Heavy Rains Yield Big Dinosaur Fossil
click to enlarge |
This photo provided by Johns Hopkins Medicine, shows an undated photo of a fossil of the dinosaur. Scientists at the Johns Hopkins University School of Medicine say the fossil of an armored dinosaur hatchling has been found in College Park. The researchers’ findings are published in the Sept. 9 issue of the Journal of Paleontology. They describe a nodosaur that lived about 110 million years ago. The fossil was discovered in 1997 by Ray Stanford, a dinosaur tracker looked for fossils close to his home. He donated the hatchling nodosaur to the Smithsonian’s National Museum of Natural History, where it is now on display to the public. (AP Photo/Johns Hopkins Medicine) |
Scientists say they have excavated Maryland’s largest dinosaur fossil find in five years, a football-sized bone weighing between two and three pounds.
Steve Jabo, a Smithsonian fossil expert, excavated the bone, but it’s too early to say what kind of dinosaur it belonged to.
The Baltimore Sun reports (http://bsun.md/ovX8Hg) the fossil was poking from the clay September 10 at Maryland’s Dinosaur Park.
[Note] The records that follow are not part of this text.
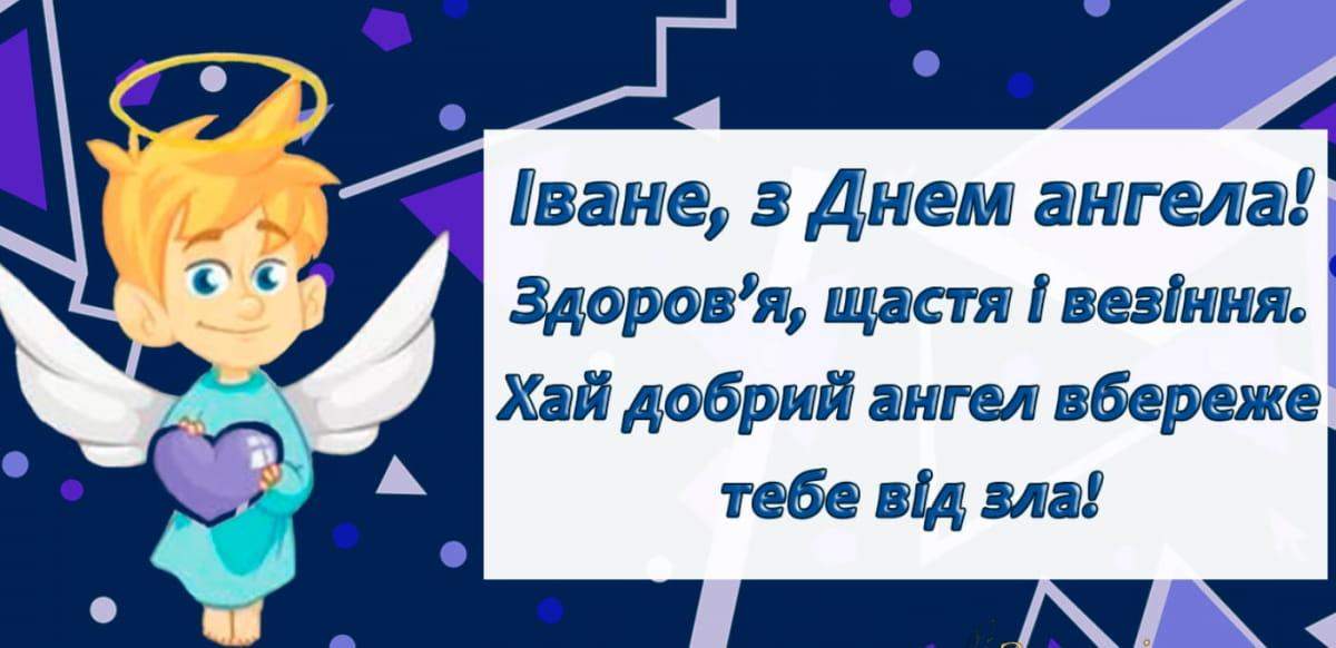 Вітаю тебе, Ваню, з днем Ангела і бажаю, щоб твій ангел завжди тебе оберігав і допомагав тобі в усіх твоїх справах – домашніх і робочих, щоб всі твої починання були втілені в життя, щоб тебе завжди супроводжували удача, процвітання та успіх.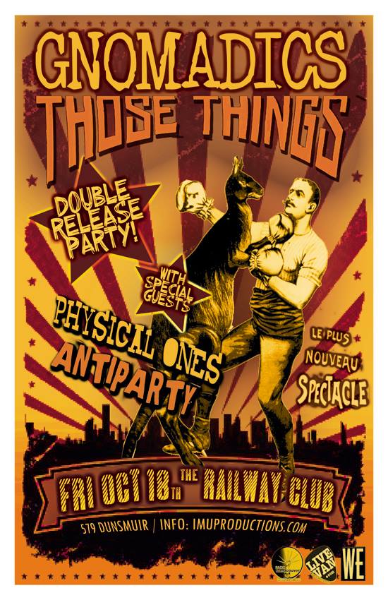 . Friday, October 18th IMU presents THOSE THINGS & GNOMADICS Double Release Party w/ PHYSICAL ONES & ANTIPARTY @ The Railway Club, 579 Dunsmuir . Show 10pm / $10 Cover / Purchase advance tickets online @ http://www.imuproductions.com/tix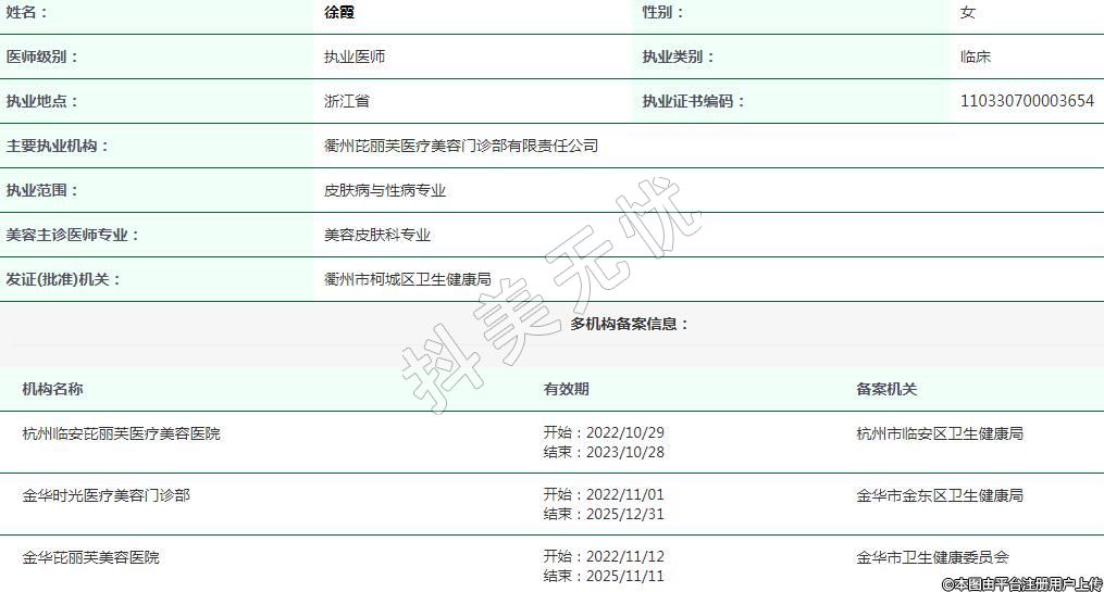 主要执业机构:衢州芘丽芙医疗美容门诊部有限责任公司

Amateur paleontologist David Hacker spotted it while scouring the site for fossils exposed by heavy rains from remnants of recent Tropical Storm Lee.
Jabo said the fossil could be part of a leg bone of a plant-eating sauropod.
Dinosaur Park, in Prince George’s County, has been yielding fossils for decades and scientists and amateur sleuths deliver any finds there to the Smithsonian Institution.